To build a system like Reworkd, you don’t just call the OpenAI API. You build a state machine that mimics human cognition.

  1. Perception (Input): The high-level Goal (e.g., “Research competitors for WebLogiks”).
  2. Brain (LLM): The reasoning engine. It doesn’t “know” things; it “plans” things.
  3. Tools (Hands): The agent needs capabilities: WebSearch(), ScrapeURL(), WriteFile().
  4. Memory (Context):
    • Short-Term: The current conversation history (limited by context window).
    • Long-Term: A Vector Database (Pinecone/Weaviate) that stores past findings to prevent the agent from repeating itself.

The “Recursive Loop” (The Reworkd Pattern) #

The magic of Reworkd is how it chains these steps. It uses a specific prompting strategy often called ReAct (Reason + Act) or Plan-and-Solve.

The Cycle:

  1. Goal: “Find the CEO of Company X.”
  2. Task Creation: Agent generates a task list: [Search Google for CEO name, Verify on LinkedIn].
  3. Execution: Agent picks Task 1. Calls GoogleSearch("Company X CEO").
  4. Observation: API returns “Jane Doe”.
  5. Refinement: Agent updates the task list. New Task: “Search for Jane Doe’s email.”
  6. Loop: Repeat until the list is empty.

Architecture Diagram: The Agent Loop #

This is how you wire it together logically. Note that the “User” only interacts at the very beginning and very end.

graph TD
    User["User Input: Goal"] --> Orchestrator["Agent Orchestrator"]

    subgraph Loop ["The Infinite Loop"]
        Orchestrator --> TaskQueue[("Task Queue")]
        
        TaskQueue -- "Pop Next Task" --> LLM["LLM (The Brain)"]
        
        %% The Execution Cycle
        LLM -- "I need to search" --> Tool["Tool: Google Search"]
        Tool -- "Search Results" --> Context["Context Window"]
        Context --> LLM
        
        %% The Memory Cycle
        LLM -- "Analyze Result" --> Memory[("Vector DB")]
        Memory -- "Retrieve Past Knowledge" --> LLM
        
        %% The Loop Back
        LLM -- "Create New Tasks" --> TaskQueue
    end

    %% Exit Condition
    TaskQueue -- "Empty?" --> Result["Final Output"]

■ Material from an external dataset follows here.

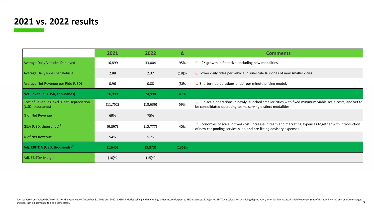 7 2021 2022 ∆ Comments Average Daily Vehicles Deployed 16,899 33,004 95% ↑ ~ 2 X growth in fleet size, including new modalities . Average Daily Rides per Vehicle 2.88 2.37 (18)% ↓ Lower daily rides per vehicle in sub - scale launches of new smaller cities. Average Net Revenue per Ride (USD) 0.96 0.88 (8)% ↓ Shorter ride durations under per minute pricing model. Net Revenue (USD, thousands ) 16,999 24,998 47% Cost of Revenues , excl. Fleet Depreciation (USD, thousands ) (11,752) (18,636) 59% ↓ Sub - scale operations in newly launched smaller cities with fixed minimum viable scale costs, and yet to be consolidated operating teams serving distinct modalities. % of Net Revenue 69% 75% G&A (USD, thousands ) 1 (9,097) (12,777) 40% ↑ Economies of scale in fixed cost . Increase in team and marketing expenses together with introduction of new car - pooling service pilot, and pre - listing advisory expenses . % of Net Revenue 54% 51% Adj. EBITDA (USD, thousands ) 2 (1,645) (3,873) (135)% Adj. EBITDA Margin (10)% (15)% 202 1 vs. 202 2 results Source: Based on audited GAAP results for the years ended December 31, 2021 and 2022 . 1. G&A includes selling and marketing; other income / expense , R&D expenses . 2. Adjusted EBITDA is calculated by adding depreciation, amortization, taxes, financial expenses (net of financial income) and o ne - time charges and non - cash adjustments, to net income (loss) .

The “Memory” Problem (Vector Embeddings) #

Standard chatbots have “Goldfish Memory.” If the conversation gets too long, they forget the beginning. Reworkd solves this by treating the conversation as a database.

  • The Logic: Every time the agent learns a fact (e.g., “Competitor A’s pricing is $50”), it converts that text into a Vector Embedding (a list of numbers) and saves it to a Vector DB.
  • The Retrieval: Before executing the next task, the agent queries the Vector DB: “What do I already know about pricing?”
  • The Result: The agent can run for hours and “remember” facts it found 50 steps ago, even if they fell out of the LLM’s context window.

The Danger Zone: Infinite Loops & Cost #

The biggest risk in Agent architecture is the Runaway Loop. If the agent fails to find an answer, it might generate a task to “Try again,” which generates a task to “Try again,” ad infinitum.

Architectural Guardrails:

  1. Max Loop Count: Hard limit of 25 loops. (Kill switch).
  2. Task De-duplication: Use fuzzy matching to ensure the agent doesn’t add a task it has already completed.
  3. “Human in the Loop”: For critical actions (like Send Email or Delete File), the architecture must pause and wait for user approval.

Conclusion #

Building an agent is not about “better prompts.” It is about building a robust State Management system around an LLM. The LLM is just the engine; the Architecture is the steering wheel. Without the steering wheel (The Loop), the engine just spins in circles.